On The Fence

Some time ago before I got and stayed sober, I was sitting in on a session at rehab discussing the first step of Alcoholics Anonymous. The gentleman, who I grew fondly of and respect very much, was discussing the “Sunlight of the Spirit” and how important it was to be a part of that realm, if you will. The conversation, in summary, was that if an active alcoholic wants to stop drinking he must allow God in his life. Now I suppose one could argue that a person could drink and still have God in their life. There are probably arguments for both sides. At the time I was on the “other side of the fence, away from having God in my life

The purpose of this reflection, more importantly, is to show in some detail, my state of mind before sobriety. I recall raising my hand to be allowed to comment on the subject of “Sunlight of the Spirit”. This action was not like me at all. I usually hid in the back of the room in silence, with no opinion one way or the other, as I had lived my entire life. Something that day had me in the middle of the room, with over approximately 100 other patients in attendance.

I now believe it to be divine intervention. When called upon by the counselor, who incidentally volunteered at the rehab and was a world acclaimed speaker on the topic of Alcoholism, I indicated I was “on the fence” in terms of drinking and wanting to stop drinking. I mentioned that I believed in God but that I was not sure he was the path to me getting and staying sober. After making my comment, the counselor, in a very direct and matter of factly tone, indicated that it would be best to get on the side of the Spirit, less die an alcoholic death. I did not immediately accept this direction, but the seed was plated for the second time in my life.

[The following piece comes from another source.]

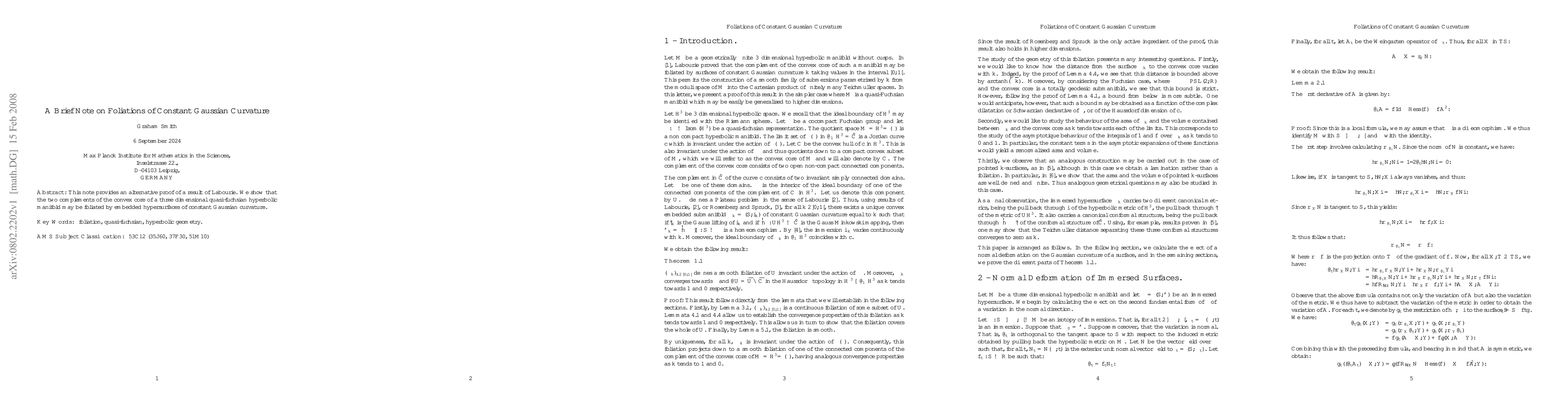 Researchers prove that in a specific type of hyperbolic manifold, two complements of its core can be divided into surfaces with constant curvature.

You see I had been at a previous rehab some two years prior where a volunteer speaker stated, “I had better find god or else,” referring to acquiring sobriety. I recall thinking to myself , who does this person think they are making such a statement. The gentleman, 80 plus years old and a recovered alcoholic, sporting dark died black hair, kindly asked at the end of the discussion to for us to comment on the topic. I recall commenting, “stop preaching”, on the comment card. The following week this gentleman was the guest speaker again. He started the meeting by saying that in over 40 years of speaking he had never received such a comment. I remembered he apologized for his comments about inflicting the belief that God was the most important avenue towards acquiring sobriety. I could tell he was deeply hurt that someone would think that of him. I ducked my head, and with a cocky smile, as a fellow rehabber stared back at me. You see, most everyone there, over 50 patients, knew I had made the comment as I had spent the week spreading my opinion stating, “who does this man think he his imposing God on me”. Well today, I still regret that comment and the effect it had on him. He was just trying to help, and I made a fool of myself. He may no longer be around, but I wish I could apologize to him. I know it was God who is responsible for me getting sober and staying sober. I do believe God had me in those meetings with both the gentlemen speakers so that the seed was planted to believe and trust him, referring to believing in God.

So, I guess the main point I am making is that there are many persons who have gone before me in sobriety who know that God is responsible for the miracle of getting one sober. I believe he just does it when you are ready. For me that meant heavy drinking and destruction for two more years. I am eternally grateful to have God in my life today and would like to express the highest amount of gratitude toward those men who impacted my life, even though t I did not know it or would accept it at that time I was an active alcoholic.

I hope that the statement “You had better find God or else” plants the seed that only with God can you get and stay sober. This is my strong conviction today and I am eternally grateful that God put those men in my life, even though I had no respect for them at the time. Thank you, God. May you be blessed with the gift of sobriety as well.